If rock or driftwood were to alter kh and/or ph it isn't likely to happen the day you put it in, it may take 2-3 or even longer depending on size of tank size of addition ect.

^_^


----------



## cS (Jan 27, 2004)

able_ranui said:


> Well, I tested it with vinegar in several spots and ONE spot fizzed. So I guess it is not aquarium friendly. I'll have to find another rock I guess.


It's not the end of the world. If you have some sort of star-crossed attachment to the rock :biggrin:, then simply soak it in a Muriatic acid solution (1 part acid to 1 part water) until the fizzing stops. Then, it would be fine for aquarium use.

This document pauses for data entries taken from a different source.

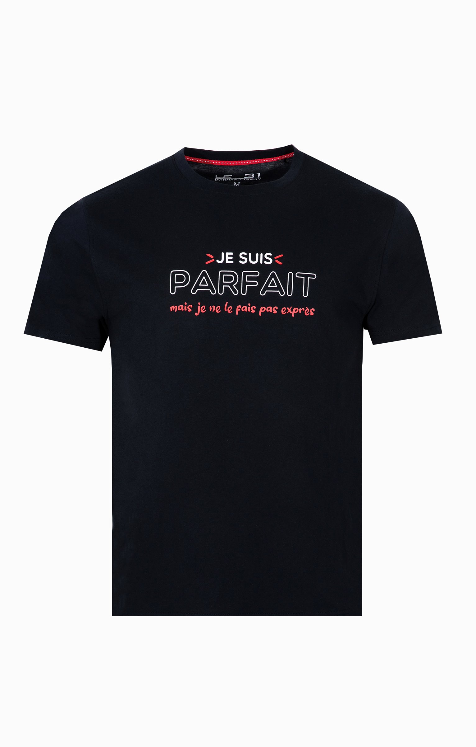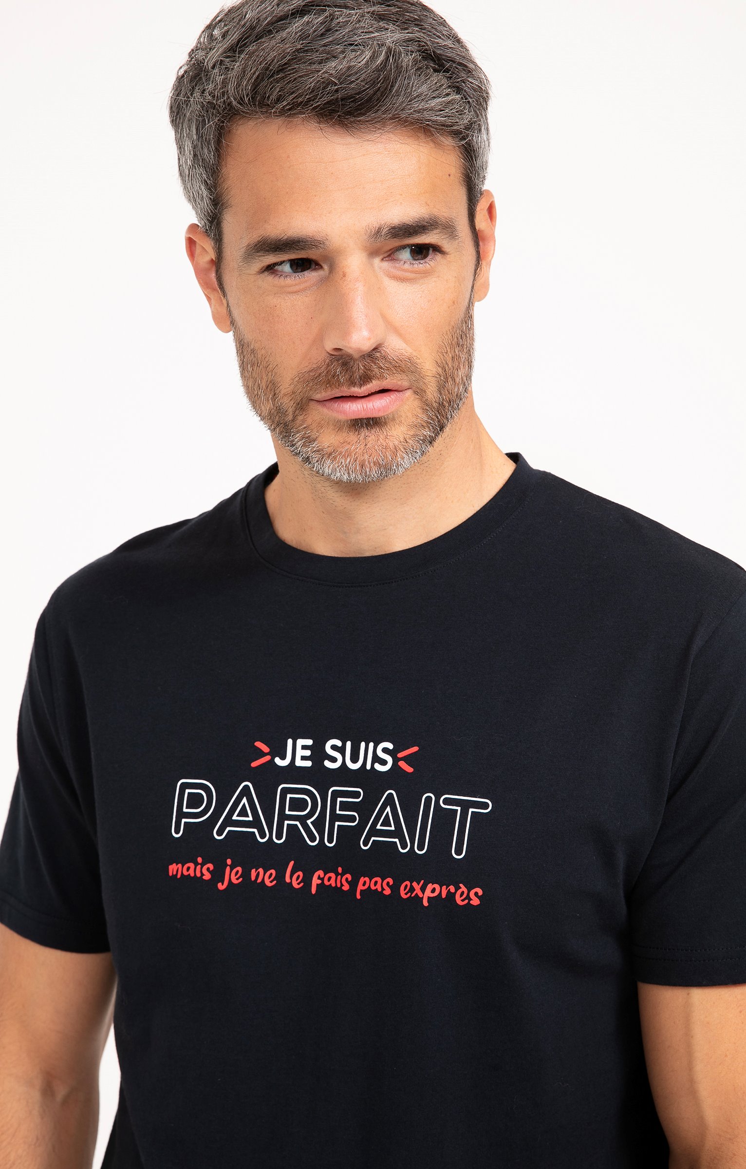 T-shirt avec message à manches courtes et col rond. Coupe droite. Manches courtes. Col rond avec parementure visible. Message placé « Je suis parfait mais je ne le fais pas exprès » imprimé sur la poitrine. Motif bicolore avec mix typographies. Tissu jersey. Fines surpiqûres ton sur ton en finition du modèle. Base droite.
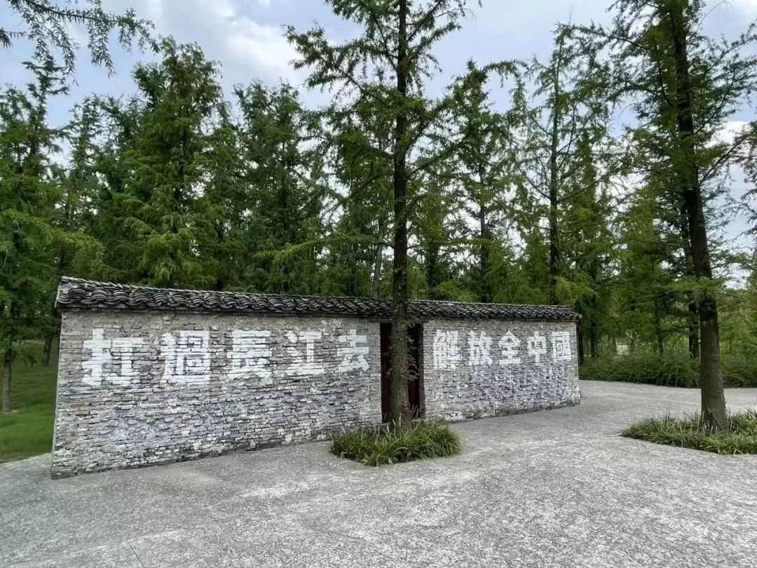 位于江苏靖江的东线第一帆公园墙上的白色大字“打过长江去,解放全中国!”引起了成员们的注意,再现渡江战役的历史尖峰时刻。72 年前,随着党中央的一声号令,百万雄师集结在长江北岸,拉开了千里渡江战线。成员们意识到,这不仅仅是一句口号,更是中华民族和中国人民冲破逆境、寻求胜利的坚定信念。
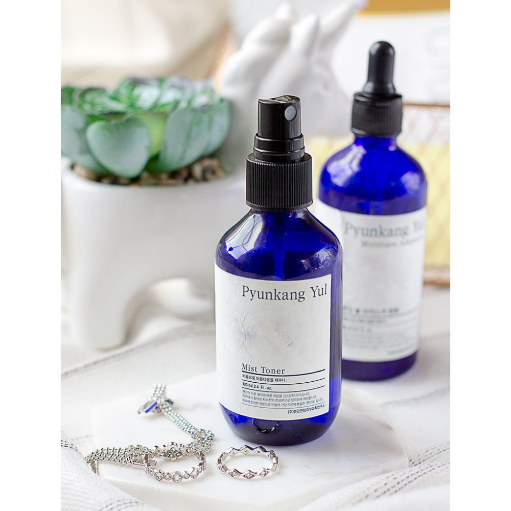 Steklenica Pyunkang Yul Mist Toner, popolna za ljubitelje tonikov, ki so prijazni do alergij, na beli podlagi.
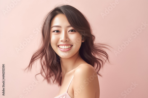 Close-up portrait of woman nice attractive lovely pretty cheerful cheery glad wavy-haired girl folded arms isolated over nude pastel color background. Generative AI.
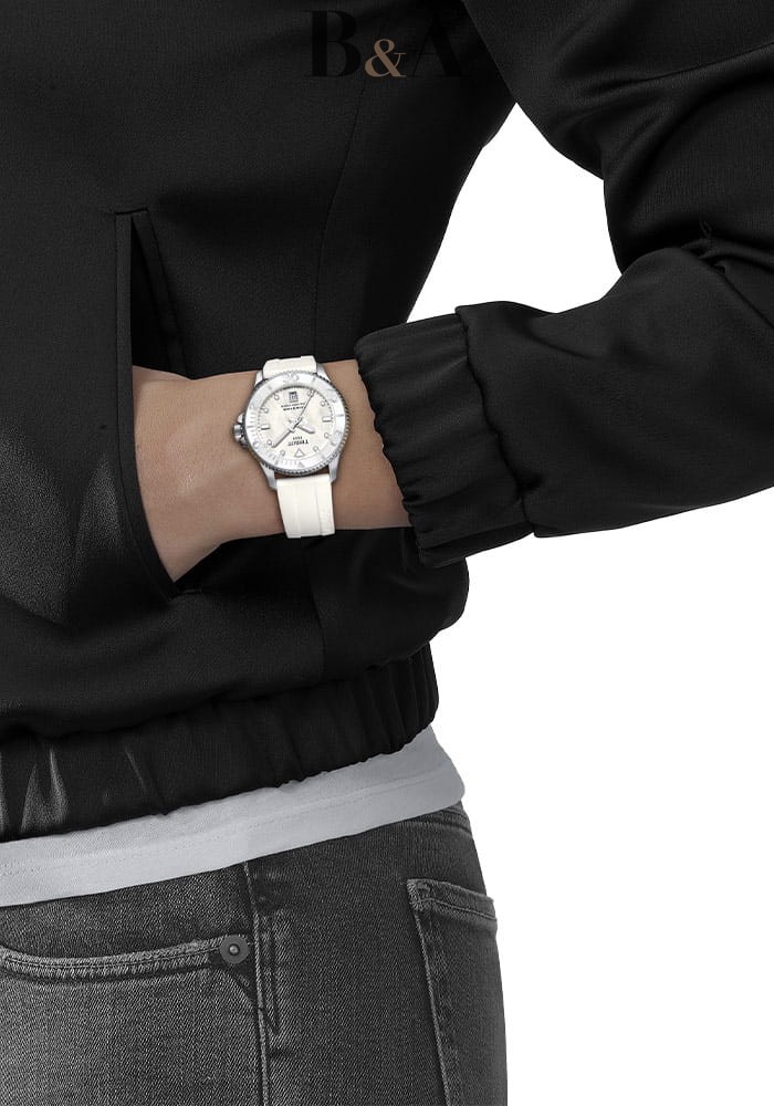 Odkryj podwodny świat razem z Tissot. Zanurz się w głębinach krystalicznie czystej wody gdzie panuje błoga cisza, a przez powierzchnię przebijają promienie słoneczne. Jesteś przepełniony spokojem i z uważnością eksplorujesz podwodny świat, a na swoim nadgarstku masz Tissot Seastar 1000 Quartz, który otwiera Ci drzwi do tego morskiego świata. Nowa, mniejsza (36 mm) koperta zapewnia tę samą niezawodność co poprzednia wersja. Tissot Seastar to zegarek, który jest nie tylko zachwycający ze względu na swój design, ale przede wszystkim wszechstronność. Z tym zegarkiem możesz korzystać ze wszystkich wodnych aktywności, ale także przemierzać miejską dżunglę. Tissot Seastar z nowym, mniejszym rozmiarem koperty jest dostępny w 3 kolorach tarczy: czarnym, niebieskim oraz białym. Koperta i bransoleta każdego z nich została wykonana ze stali nierdzewnej, przy czym model z białą tarczą oferowany jest z białym, silikonowym paskiem w zestawie. Tissot Seastar posiada obrotowy pierścień koperty, odporne na zarysowania wypukłe szkło szafirowe z dwustronną powłoką antyrefleksyjną, zakręcaną koronkę oraz wodoszczelność do 30 barów (300 m / 1000 stóp). W każdym z modeli możesz w szybki i łatwy sposób wymienić stalową bransoletę na silikonowy pasek, który dostępny jest na naszej stronie w jednym z 3 kolorów (pomarańczowym, jasnoniebieskim i czarnym).
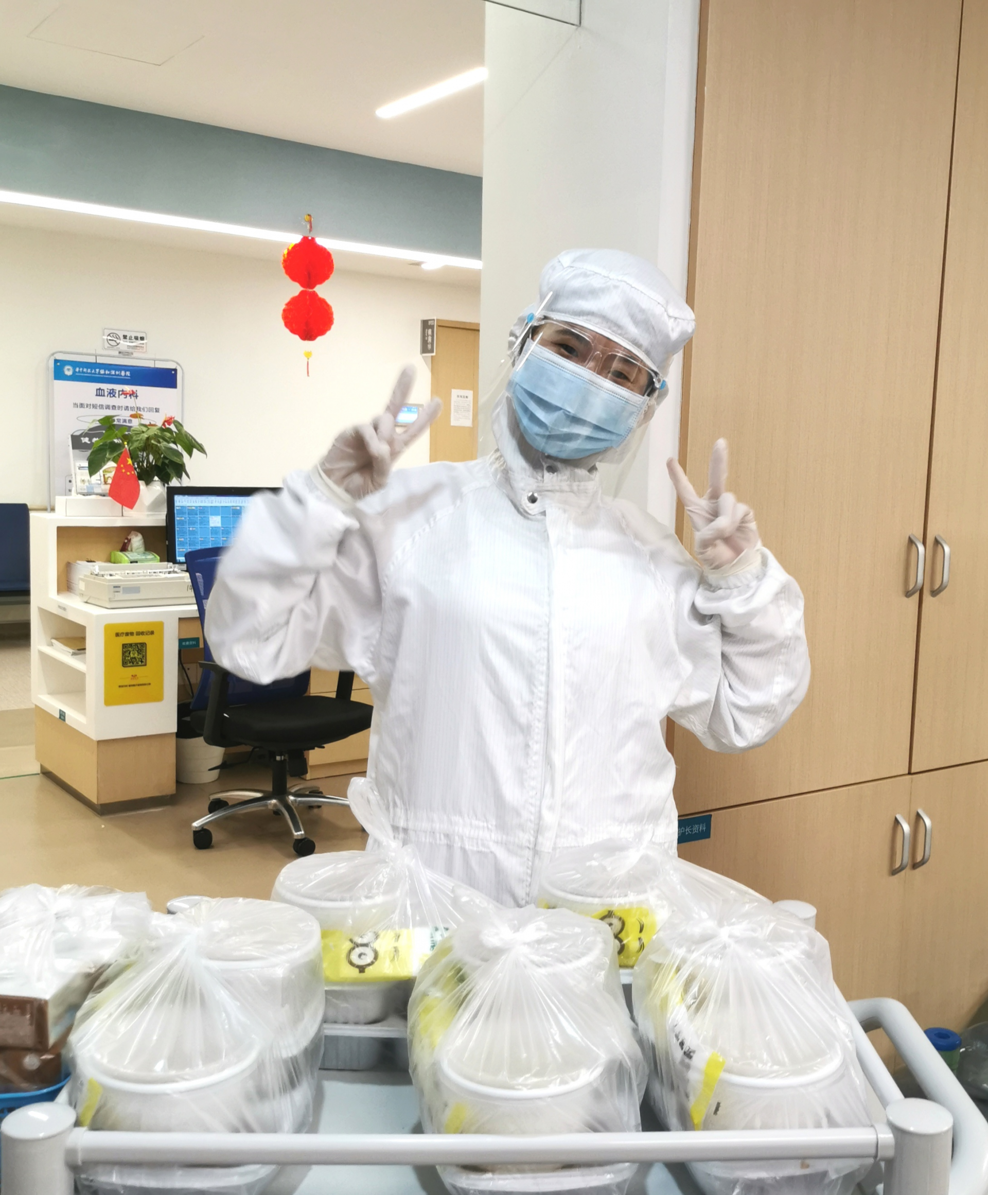 “太感動(dòng)了,超級(jí)暖心!”看到字條后,協(xié)和深圳醫(yī)院感染科護(hù)士長陳燁說,“在這特殊的日子里,很感謝醫(yī)院及膳食科對(duì)我們工作人員提供這么細(xì)心周到的服務(wù),如果不是看到湯圓,大家都不知道今天是元宵節(jié)?!背吮驹旱囊痪€醫(yī)護(hù)人員,鄧啟文院長和莫蓓蓉副院長還特地把湯圓送到協(xié)和深圳醫(yī)院—南方科技大學(xué)醫(yī)院疫情防控的留觀病區(qū),讓那里的值班醫(yī)護(hù)也吃上了熱氣騰騰的湯圓。

Muriatic acid can be found in any hardware/home improvement stores (in the paint department) _very_ cheaply.


----------



## able_ranui (Feb 26, 2004)

I scratched the rock and then checked it, would that make a difference in the soaking in acid results?


----------



## cS (Jan 27, 2004)

JHudson,

I am unsure as to what you are asking, but the soak I mentioned is meant to dissolve away those parts of the rock (carbonate-based portions) that would alter the tank's water chemistry. When you scratch the rock, you are increasing the surface area for the acid to react so that you would be better able to see the "fizzing" action, if any. When you do observe the fizzing, then the rock will alter the KH (and other parameters depending on the composition of the rock); and thus, should be discarded. However, if you are VERY attached to the rock, then a soak in a strong acid solution (like Muriatic acid, which is HCl) would hopefully remove the "bad" portion of the rock. I suggested that you should dilute the muriatic acid with water because the MA that the store sells has very pungent and dangerous fumes that aren't very good for you if inhaled. 

Please let me know if I am misunderstanding your question.


----------



## able_ranui (Feb 26, 2004)

Yes, you understood my question. Thanks for the clarification.


----------